- [What is being asked]
Only the pictures are to be dropped, and the rest of the data should be copied exactly.

───── Input material ─────

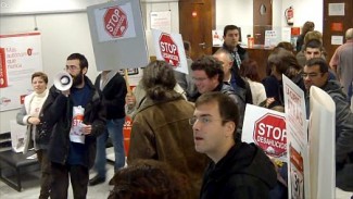 [Gal/Cast] Stop Despejos fecha-se numha sucursal bancária do centro de Compostela
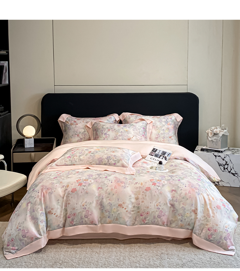商品名称:博纳家纺 2026新款天丝莱塞尔轻奢高端数码印花拼角宽边夏被四件套冰感凉感四件套--夏洛伊系列 夏洛伊
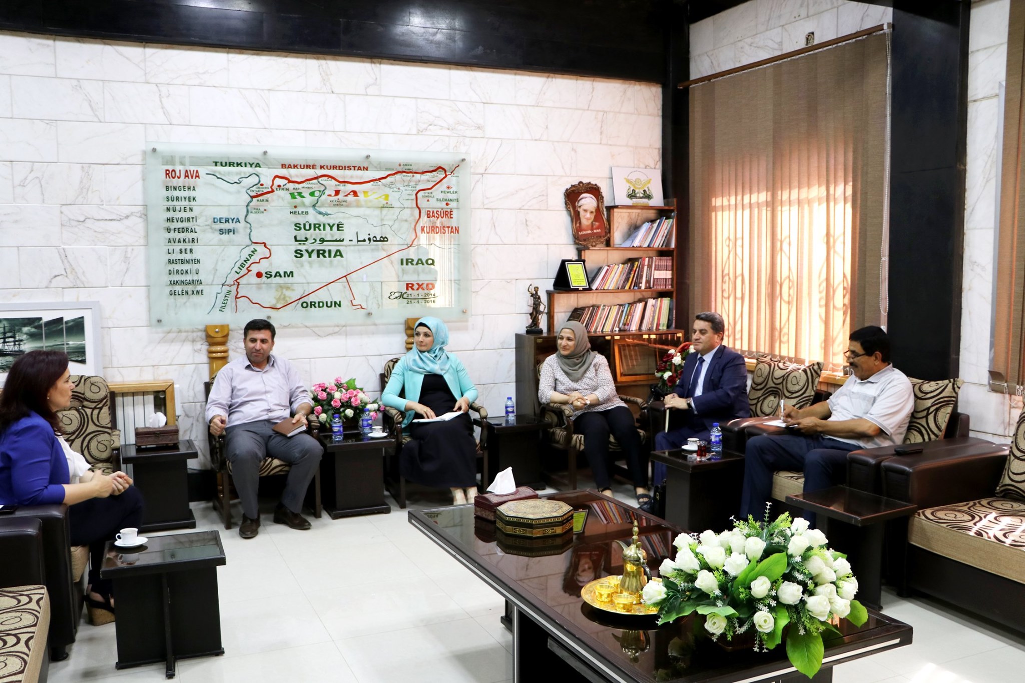 وفد من شوبدارين روجيه للثقافة (şopdarên rojê ya çandê) برئاسة الإدارية الكاتبة هيفا حسن في زيارة اليوم الأحد لدائرة العلاقات الخارجية في قامشلو.
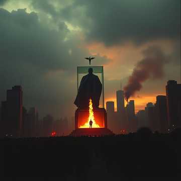 Doom metal, fernwerk cloud rap, cinematic vocals, pitched-down melodic bass guitar, djent voidgaze, lentissimo percussion ensemble, swinging discordant snares, grave slow tempo, gritty rain ambiance, slow galvanizing alternating measures, cambia instrumental variations, catchy rap cadence
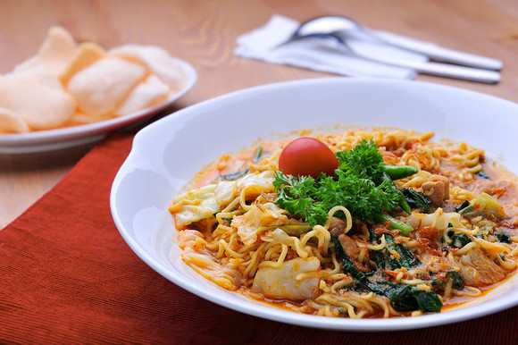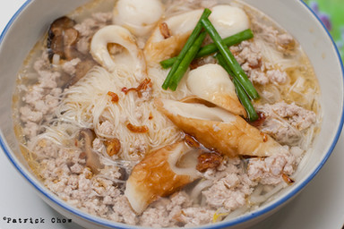 A common Malay breakfast food - rice vermicelli in a spicy gravy flavoured with tamarind.
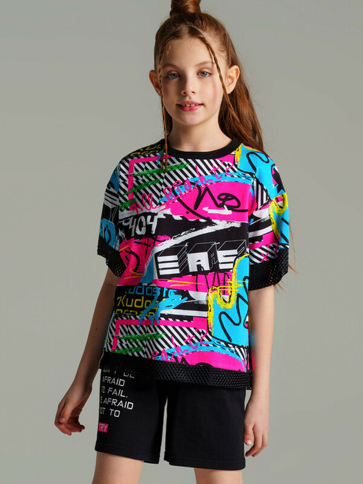 Футболка oversize из качественного и приятного на ощупь трикотажа джерси. Высокое содержание хлопка 95%. Благодаря наличию эластана в составе ткани изделие проще в уходе и держит форму.

─────

- [Exercise response]
 [Gal/Cast] Stop Despejos fecha-se numha sucursal bancária do centro de Compostela
商品名称:博纳家纺 2026新款天丝莱塞尔轻奢高端数码印花拼角宽边夏被四件套冰感凉感四件套--夏洛伊系列 夏洛伊
 وفد من شوبدارين روجيه للثقافة (şopdarên rojê ya çandê) برئاسة الإدارية الكاتبة هيفا حسن في زيارة اليوم الأحد لدائرة العلاقات الخارجية في قامشلو.
 Doom metal, fernwerk cloud rap, cinematic vocals, pitched-down melodic bass guitar, djent voidgaze, lentissimo percussion ensemble, swinging discordant snares, grave slow tempo, gritty rain ambiance, slow galvanizing alternating measures, cambia instrumental variations, catchy rap cadence
 A common Malay breakfast food - rice vermicelli in a spicy gravy flavoured with tamarind.
 Футболка oversize из качественного и приятного на ощупь трикотажа джерси. Высокое содержание хлопка 95%. Благодаря наличию эластана в составе ткани изделие проще в уходе и держит форму.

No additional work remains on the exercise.